Сердце Николая Аполлоновича усиленно застучало; что-то спросить собирался он; и – нет: не спросил; он теперь стоял одиноко перед захлопнутой дверью; воспоминанья о неудачной любви, верней – чувственного влечения, – воспоминания эти охватили его; и сильнее забились синеватые, височные жилки; он теперь обдумывал свою месть: надругательство над чувствами его оскорбившей особы, проживающей в этом подъезде; он обдумывал свою месть вот уж около месяца; и – пока об этом ни слова!
То же светлое, пятиколонное здание с полосою орнаментной лепки: круг за кругом; в круге же римская каска на перекрещенных мечах…
……………………..
Огненным мороком вечером залит проспект. Ровно высятся яблоки электрических светов посередине. По бокам же играет переменный блеск вывесок; здесь, здесь и здесь вспыхнут вдруг рубины огней; вспыхнут там – изумруды. Мгновение: там – рубины; изумруды же – здесь, здесь и здесь.

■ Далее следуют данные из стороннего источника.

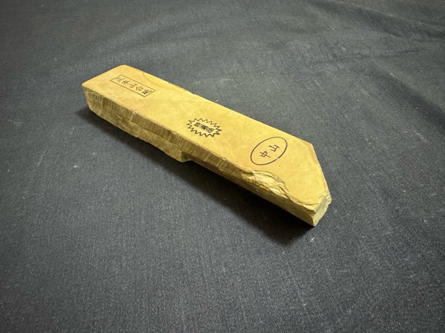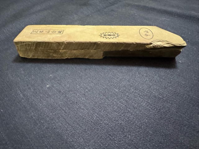天然砥石の最高峰と言われる京都仕上げ砥石の中でも別格の品質で、鎌倉時代から採掘され、歴代の天皇、幕府の御用砥石とされてきたのが、梅ヶ畑の中心部の中山(加藤鉱山)で採掘された中山の砥石(通称マルカ)です。天然砥石の中でもダントツの人気です。今回、長さのあるサン型の中山砥石をご紹介します。細かな研ぎに中山が欲しいと言うお客様に最適です。違いは明らかですので、是非この機会にお買い求めください。
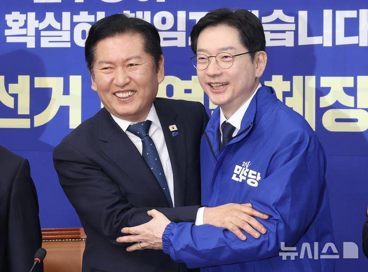 정청래 민주당 대표는 "김 후보는 이재명 정부의 5극3특 국가 균형 발전 전략을 진두지휘하며 지방 주도 성장이라는 대한민국 성장 패러다임을 그 누구보다 앞장서서 제시했던 선각자이자 지도자"라며 "국가 균형 발전 선봉장"이라고 언급했다.
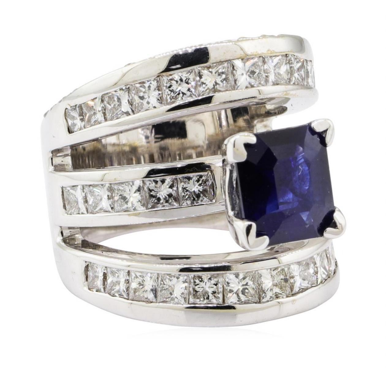 One electronically tested 18KT white gold lady's combination cast & assembled fashion ring with a three row split shank with a bright polish with milgrain detailing finish. The featured lady's ring has a shank measuring 9.00 millimeters wide. Identified with markings of '18K'. Condition is new, good workmanship. Containing: One prong set emerald standard step cut natural blue sapphire, measuring 8.71 x 7.67 x 4.40mm, (depth est.) approximate weight of 3.20 ct., clarity is heavily included, dark, strong, blue color, (GIA B 7/5), cut is very good. Transmitting light somewhat diffusely, semi-transparent to translucent. Colored gemstones are presumed to have been subjected to commonly used enhancement processes. Graded in the setting. Thirty-Six channel set princess cut diamonds, measuring 2.50 x 2.40 x 1.80mm (depth est.) approximate total weight of 36 Stones = 3.20 ct. Graded in the setting. Color H - I Clarity VS-1 to VS-2 Cut Very Good Forty-Four bead set round brilliant cut diamonds, measuring 1.90 - 1.70 x 1.12mm (depth est.) approximate total weight of 44 Stones = 1.00 ct. Graded in the setting. Color H - I Clarity VS-1 to VS-2 Cut Very Good. Total Weight of Colored Stones 3.20 ct.. Total Weight of Diamonds 4.20 ct.. Total Weight of Ring 23.20gm GAS Appraised at $13925.00. GAS Appraised.
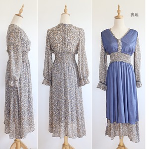 繊細な花柄にハイウエストが絞られたワンピース。スタイル良く表現してくれます。胸元のボタンや袖の絞りも、女性らしさを最大限に際立たせてくれるアイテムです。
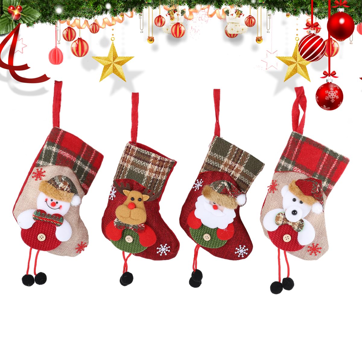 HASTHIP Christmas Stockings Set for Tree and Home Decor featuring 4pcs 14x19 cm Fabric Designs
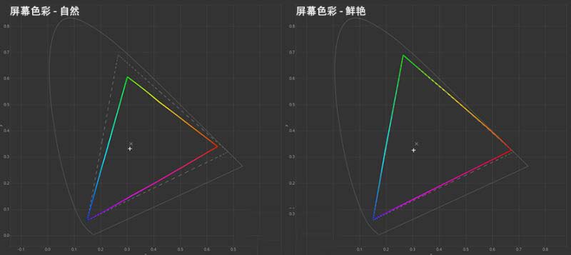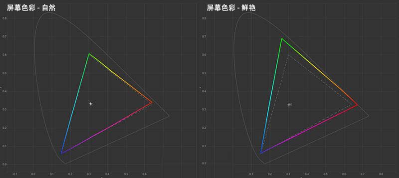 首先在色域方面,对比sRGB色域,一加手机7 Pro的屏幕色彩模式设置为自然时,色域覆盖和色域容积分别为96.3%和98.9%;而屏幕色彩模式设置在鲜艳时,色域覆盖和色域容积则为99.6%和140.9%,可以看出当色彩模式设置为鲜艳时,一加手机7 Pro可以展现出更多的色彩。
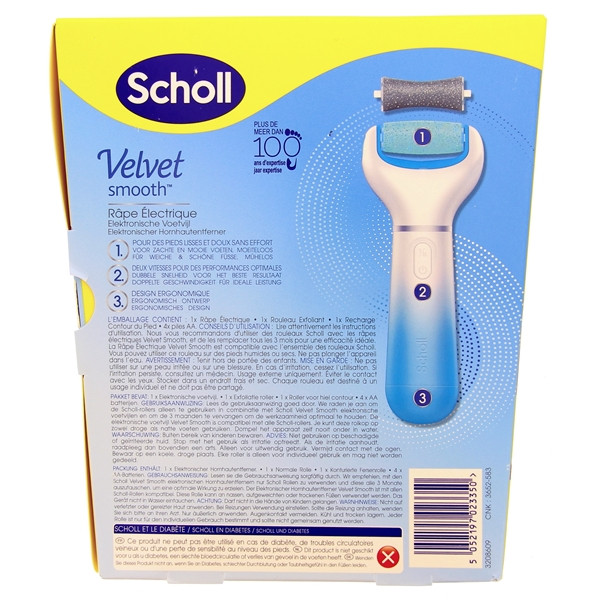 1 x Râpe Électrique anti-Callosités Scholl Velvet Smooth™ Bleue, 1 x Rouleau Exfoliant, 1 x Recharge contour du pieds, 4 x Piles de type AA.

Огненным мороком вечером залит Невский. И горят бриллиантовым светом стены многих домов: ярко искрятся из алмазов сложенные слова: «Кофейня», «Фарс», «Бриллианты Тэта», «Часы Омега». Зеленоватая днем, а теперь лучезарная, разевает на Невский витрина свою огненную пасть; всюду десятки, сотни адских огненных пастей: эти пасти мучительно извергают на плиты ярко-белый свой свет; мутную мокроту изрыгают они огневою ржавчиной. И огнем изгрызан проспект. Белый блеск падает на котелки, на цилиндры, на перья; белый блеск ринется далее, к середине проспекта, отпихнув с тротуара вечернюю темноту: а вечерняя мокрота растворится над Невским в блистаниях, образуя тусклую желтовато-кровавую муть, смешанную из крови и грязи. Так из финских болот город тебе покажет место своей безумной оседлости красным, красным пятном: и пятно то беззвучно издали зрится на темноцветной на ночи. Странствуя вдоль необъятной родины нашей, издали ты увидишь красной крови пятно, вставшее в темноцветную ночь; ты испуганно скажешь: «Не есть ли там местонахождение гееннского пекла?» Скажешь, – и вдаль поплетешься: ты гееннское место постараешься обойти.